TRIBUNNEWS.COM, JAKARTA – Badan Pengawas Obat dan Makanan (BPOM) mengamati peningkatan kasus penyalahgunaan zat tertentu (OOT), seperti tramadol, trihexyphenidyl, ketamine, dextromethorphan dan psikotropika lainnya.
Berdasarkan hasil pemeriksaan OOT yang intensif, terjadi peningkatan yang cukup signifikan dibandingkan tahun sebelumnya. Di sisi lain, BPOM mencatat dari 641 fasilitas distribusi dan pelayanan farmasi yang diperiksa selama periode Januari hingga Agustus 2024, sebanyak 2,84 persen diantaranya ditemukan melakukan pelanggaran berat.
“Kegiatan dispensing di fasilitas tersebut tidak memenuhi standar Distribusi Obat yang Baik (CDOB), sehingga kami memberikan sanksi suspensi terhadap 47 fasilitas dispensing dan 190 fasilitas pelayanan kefarmasian,” kata Kepala BPOM Taruna Ikrar, seperti dilansir dari Website resmi BPOM, pada Minggu (3/11/2024).
Antara tahun 2021 hingga 2024, BPOM juga telah mengambil tindakan dengan mencabut sertifikat CDOB untuk 81 fasilitas yang melanggar, termasuk merekomendasikan pencabutan izin operasional.
Langkah ini dimaksudkan untuk memberikan efek jera dan mencegah pihak-pihak yang tidak bertanggung jawab menyalahgunakan persetujuan.
Taruna Ikrar juga menekankan pentingnya pengawasan sebagai bagian integral dari pembangunan kesehatan di Indonesia. Menurutnya, lingkungan strategis pengendalian narkoba terus mengalami perubahan sehingga memerlukan penyesuaian kebijakan yang ekstensif dan berkelanjutan.
“UU Nomor 17 Tahun 2023 tentang Kesehatan mendukung ketahanan kesehatan nasional dengan mengatur pelayanan kefarmasian secara merata di seluruh Indonesia,” tambah Taruna.
BPOM juga berkomitmen untuk mendukung pelaku industri farmasi dan distributor dalam proses distribusi obat agar tetap aman.

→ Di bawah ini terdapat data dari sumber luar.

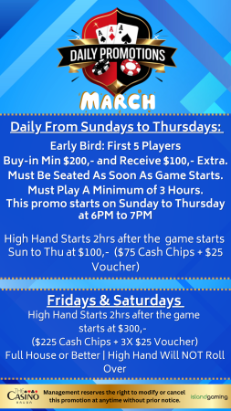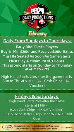 Upcoming Poker Tournaments/ Promotions at The Casino Aruba at Hilton:
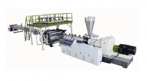 錐形雙螺桿擠出機(jī)--衣架式模具--四輥壓花裝置--四工位油溫機(jī)--冷卻裝置--縱向切邊裝置--四工位覆膜糾偏裝置--牽引機(jī)--切割機(jī)和卸料架組成。
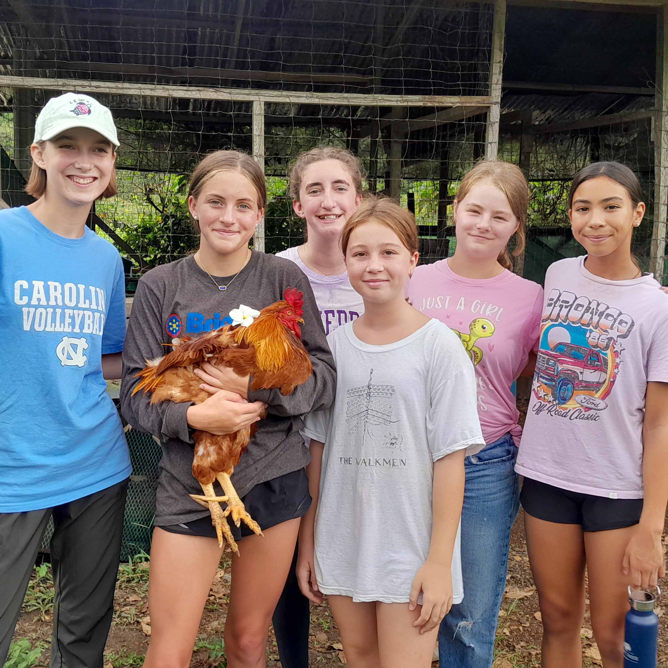 Six young people stand together, one holding a chicken, in front of a coop.
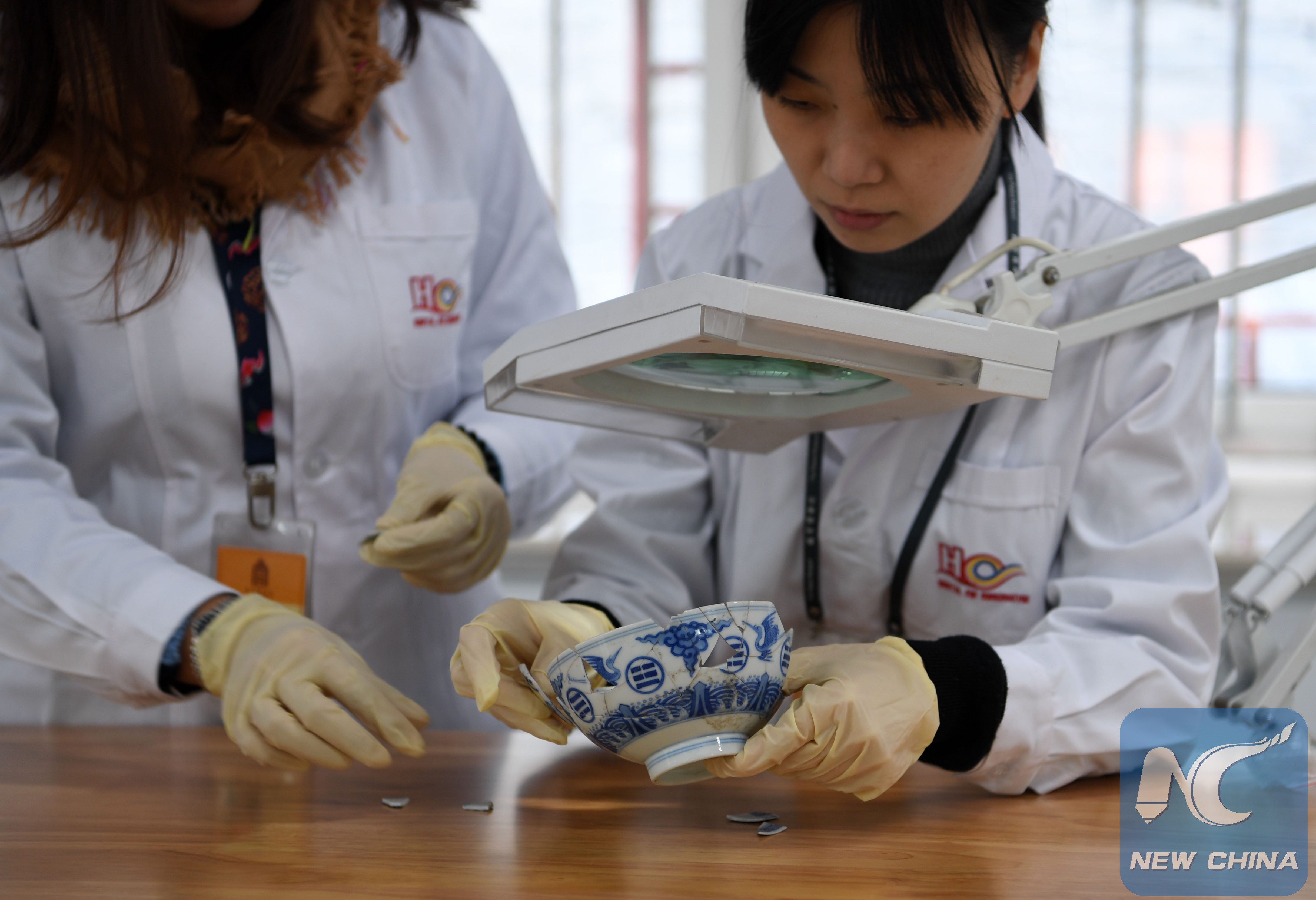 Relic-doctors are repairing a broken bowl

Selain fasilitas pelayanan kesehatan, BPOM berperan dalam memberikan edukasi kepada masyarakat tentang penggunaan obat yang bertanggung jawab.
Apalagi, Taruna Ikrar mengungkapkan dalam focus group Discussion (FGD) pada Kamis (31/10/2024) bahwa tantangan pengendalian narkoba semakin kompleks seiring dengan pesatnya perkembangan teknologi digital.
Ditegaskannya, tantangan yang dihadapi antara lain pengendalian obat-obatan berbahaya, baik dari segi penyalahgunaan, kualitas, hingga transformasi obat dari jalur legal ke jalur ilegal.
“Kita berada di era global saat ini, apa yang terjadi di negara kita akan berdampak pada negara tetangga kita,” kata Taruna Ikrar lagi.
Begitu pula dengan apa yang terjadi di negara lain seperti India, Timur Tengah, Amerika, dan Eropa tentunya akan berdampak juga bagi Indonesia.